## YOUR OBJECTIVE
Nothing but the lines below from the one holding "美国数据中心用电占比从200" up to and including the one holding "Bluza Tip Ie" should be copied, exactly and without pictures.

[Data excerpts]
★ ★ ★ ★ ★

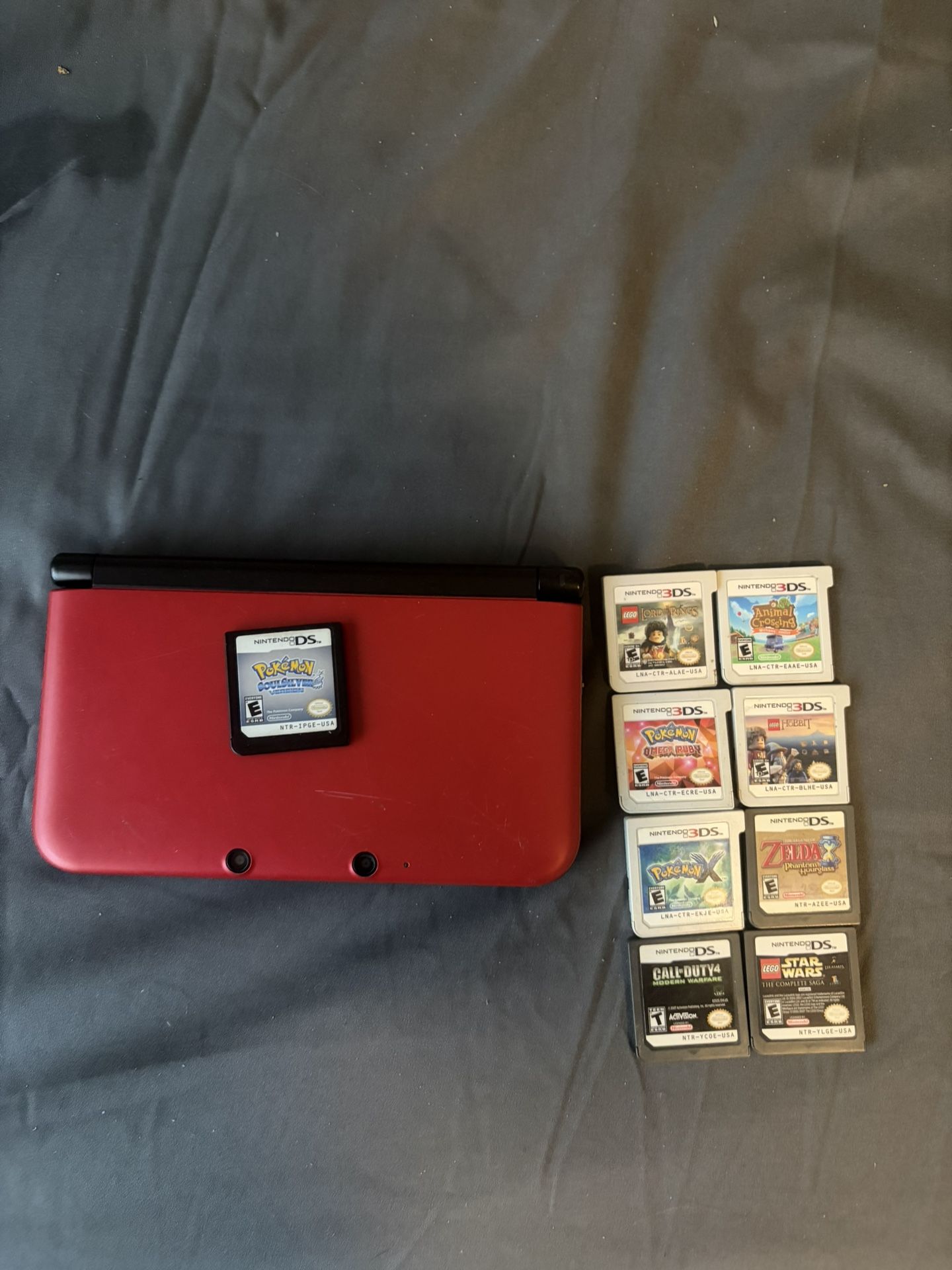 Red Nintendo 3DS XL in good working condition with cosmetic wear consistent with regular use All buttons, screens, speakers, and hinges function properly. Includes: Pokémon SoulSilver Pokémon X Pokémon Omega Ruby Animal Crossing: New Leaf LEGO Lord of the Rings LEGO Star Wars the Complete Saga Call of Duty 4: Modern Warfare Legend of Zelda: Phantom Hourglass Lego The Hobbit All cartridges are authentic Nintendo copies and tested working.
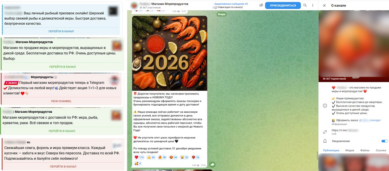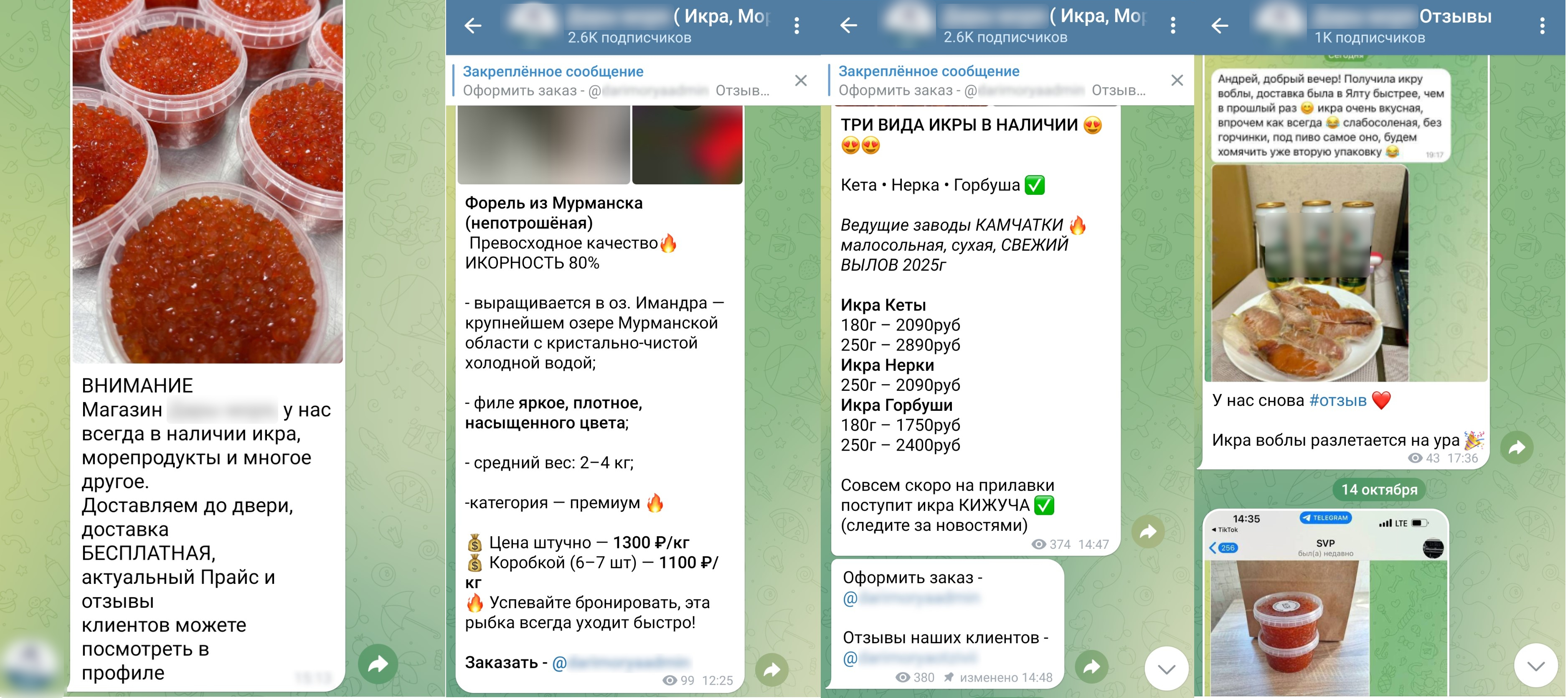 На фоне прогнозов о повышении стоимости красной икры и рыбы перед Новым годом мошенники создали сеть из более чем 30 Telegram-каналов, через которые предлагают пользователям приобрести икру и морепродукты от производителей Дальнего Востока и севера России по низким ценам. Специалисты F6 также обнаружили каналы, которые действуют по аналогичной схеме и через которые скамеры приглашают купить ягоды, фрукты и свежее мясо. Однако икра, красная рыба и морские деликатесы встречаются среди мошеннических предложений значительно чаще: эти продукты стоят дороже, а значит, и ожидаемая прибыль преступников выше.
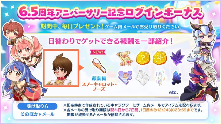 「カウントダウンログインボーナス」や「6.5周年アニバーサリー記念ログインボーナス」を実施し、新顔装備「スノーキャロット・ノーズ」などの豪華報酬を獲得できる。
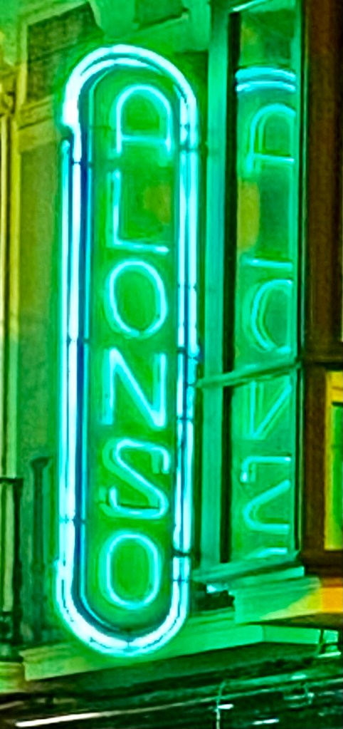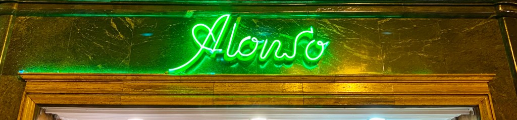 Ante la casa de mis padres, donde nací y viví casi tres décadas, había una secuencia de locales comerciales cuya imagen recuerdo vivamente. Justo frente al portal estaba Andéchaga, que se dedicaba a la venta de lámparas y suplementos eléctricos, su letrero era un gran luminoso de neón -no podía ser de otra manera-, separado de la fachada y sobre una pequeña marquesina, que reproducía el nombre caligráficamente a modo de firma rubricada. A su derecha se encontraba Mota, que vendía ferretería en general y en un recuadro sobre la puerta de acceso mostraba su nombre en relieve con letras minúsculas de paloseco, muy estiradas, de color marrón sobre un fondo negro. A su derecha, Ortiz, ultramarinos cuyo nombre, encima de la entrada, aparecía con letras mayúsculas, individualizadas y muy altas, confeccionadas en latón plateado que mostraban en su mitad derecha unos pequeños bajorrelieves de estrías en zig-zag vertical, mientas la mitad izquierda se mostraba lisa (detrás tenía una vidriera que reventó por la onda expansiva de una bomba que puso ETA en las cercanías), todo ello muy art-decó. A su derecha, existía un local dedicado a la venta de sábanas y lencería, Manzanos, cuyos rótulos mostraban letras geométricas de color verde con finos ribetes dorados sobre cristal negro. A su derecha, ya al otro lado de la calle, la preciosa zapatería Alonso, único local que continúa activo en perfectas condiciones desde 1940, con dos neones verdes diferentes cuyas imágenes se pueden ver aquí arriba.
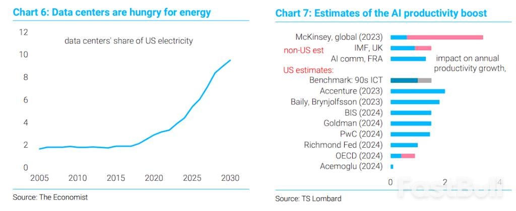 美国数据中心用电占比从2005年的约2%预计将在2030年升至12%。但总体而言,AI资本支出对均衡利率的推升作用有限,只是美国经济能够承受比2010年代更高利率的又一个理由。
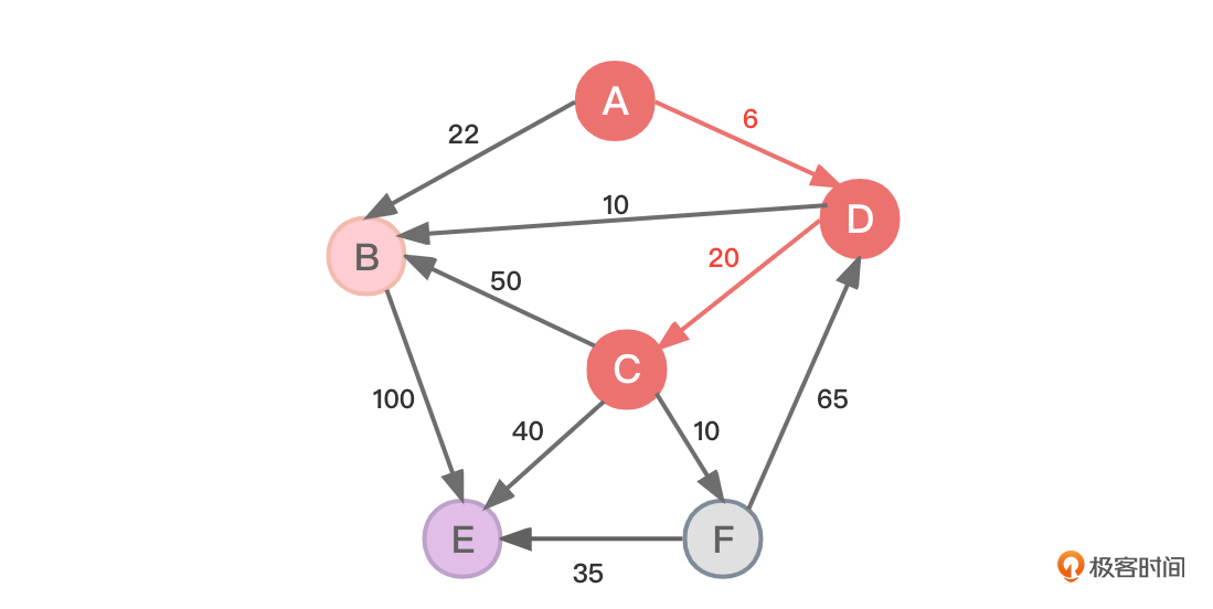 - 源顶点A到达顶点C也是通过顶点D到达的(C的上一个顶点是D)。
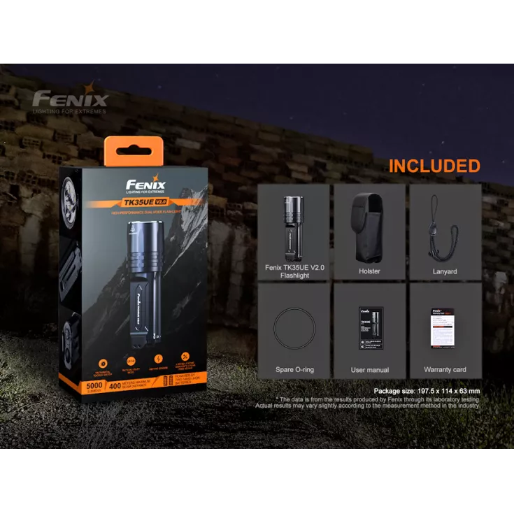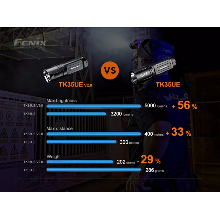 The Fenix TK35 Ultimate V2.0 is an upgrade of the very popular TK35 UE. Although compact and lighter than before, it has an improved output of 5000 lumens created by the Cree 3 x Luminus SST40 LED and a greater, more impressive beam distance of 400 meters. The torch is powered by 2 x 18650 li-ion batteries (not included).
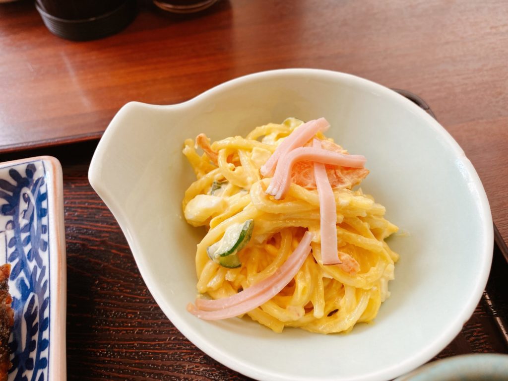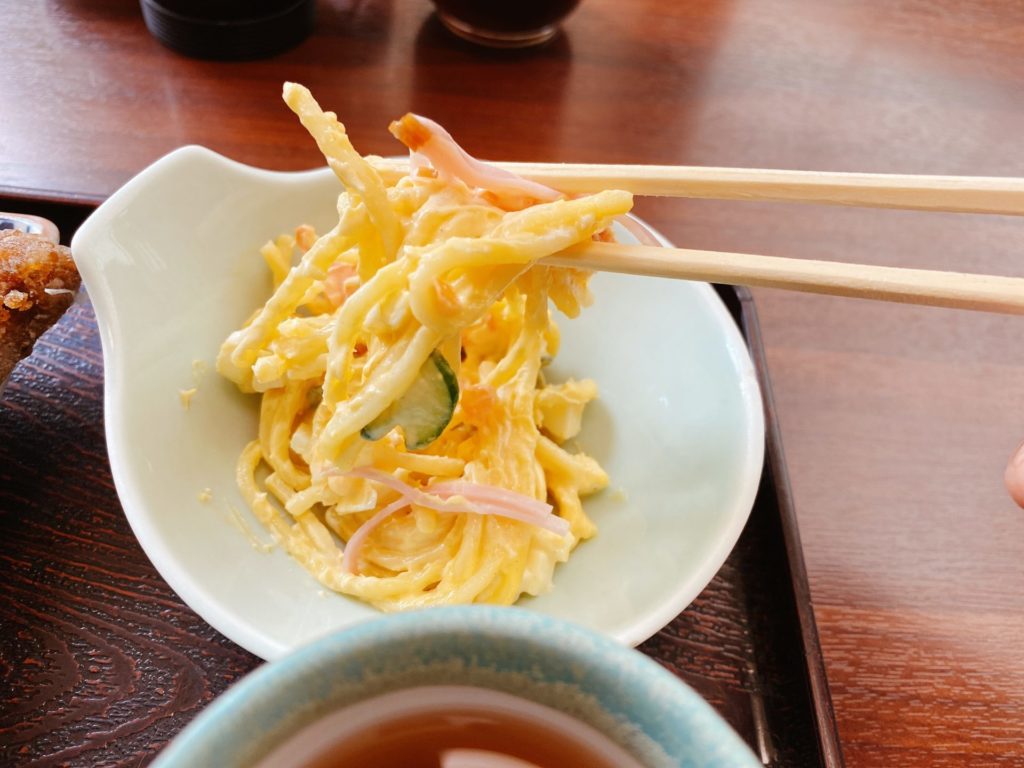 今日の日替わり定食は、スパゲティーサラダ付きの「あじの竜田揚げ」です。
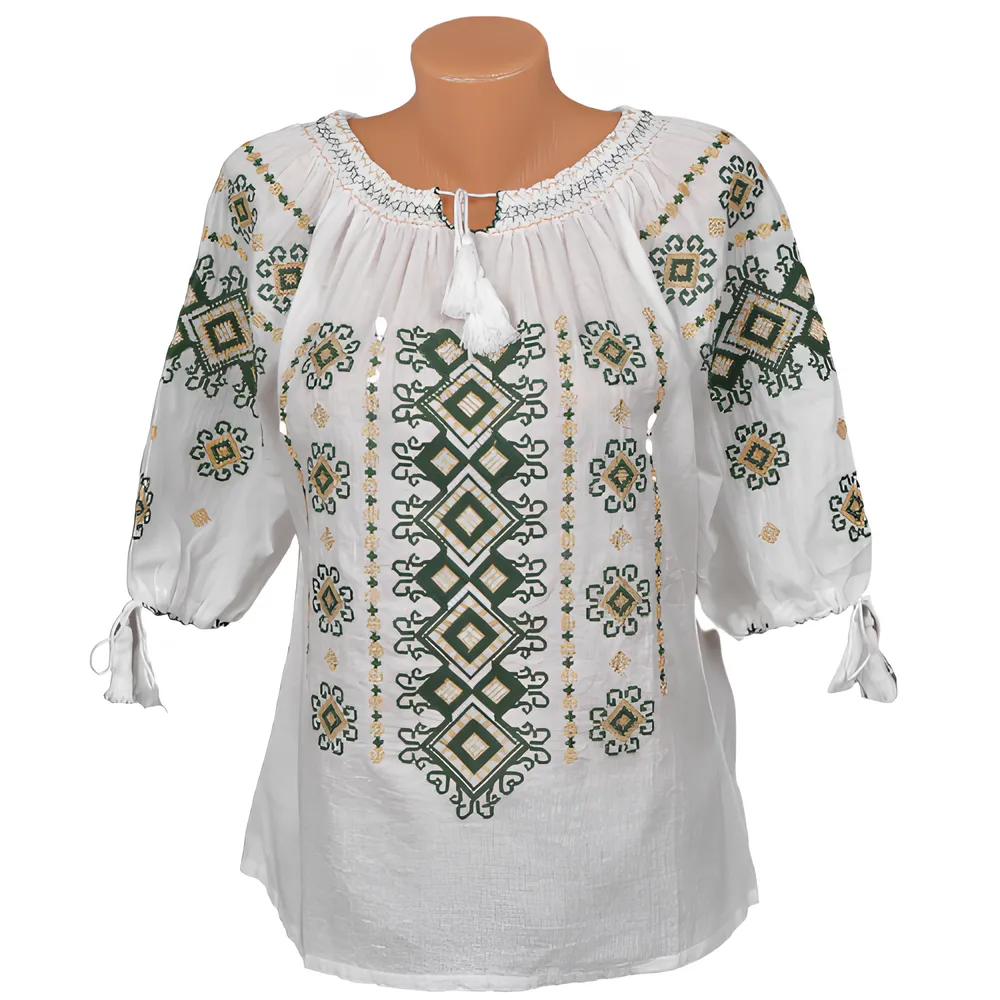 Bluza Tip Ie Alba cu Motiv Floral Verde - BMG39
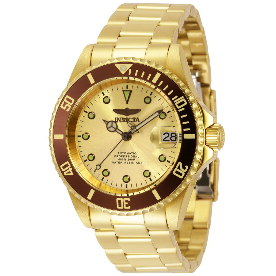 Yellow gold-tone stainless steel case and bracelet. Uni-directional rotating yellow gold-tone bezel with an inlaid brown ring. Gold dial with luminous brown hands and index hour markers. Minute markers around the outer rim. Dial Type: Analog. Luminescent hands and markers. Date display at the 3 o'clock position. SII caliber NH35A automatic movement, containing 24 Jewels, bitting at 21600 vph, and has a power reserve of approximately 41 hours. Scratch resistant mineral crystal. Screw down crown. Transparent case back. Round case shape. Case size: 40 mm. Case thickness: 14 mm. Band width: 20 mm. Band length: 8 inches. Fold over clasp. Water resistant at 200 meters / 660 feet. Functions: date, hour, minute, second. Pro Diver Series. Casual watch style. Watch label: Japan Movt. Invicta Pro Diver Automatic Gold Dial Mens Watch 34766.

★ ★ ★ ★ ★

## OUTPUT OF THE TASK
 美国数据中心用电占比从2005年的约2%预计将在2030年升至12%。但总体而言,AI资本支出对均衡利率的推升作用有限,只是美国经济能够承受比2010年代更高利率的又一个理由。
 - 源顶点A到达顶点C也是通过顶点D到达的(C的上一个顶点是D)。
 The Fenix TK35 Ultimate V2.0 is an upgrade of the very popular TK35 UE. Although compact and lighter than before, it has an improved output of 5000 lumens created by the Cree 3 x Luminus SST40 LED and a greater, more impressive beam distance of 400 meters. The torch is powered by 2 x 18650 li-ion batteries (not included).
 今日の日替わり定食は、スパゲティーサラダ付きの「あじの竜田揚げ」です。
 Bluza Tip Ie Alba cu Motiv Floral Verde - BMG39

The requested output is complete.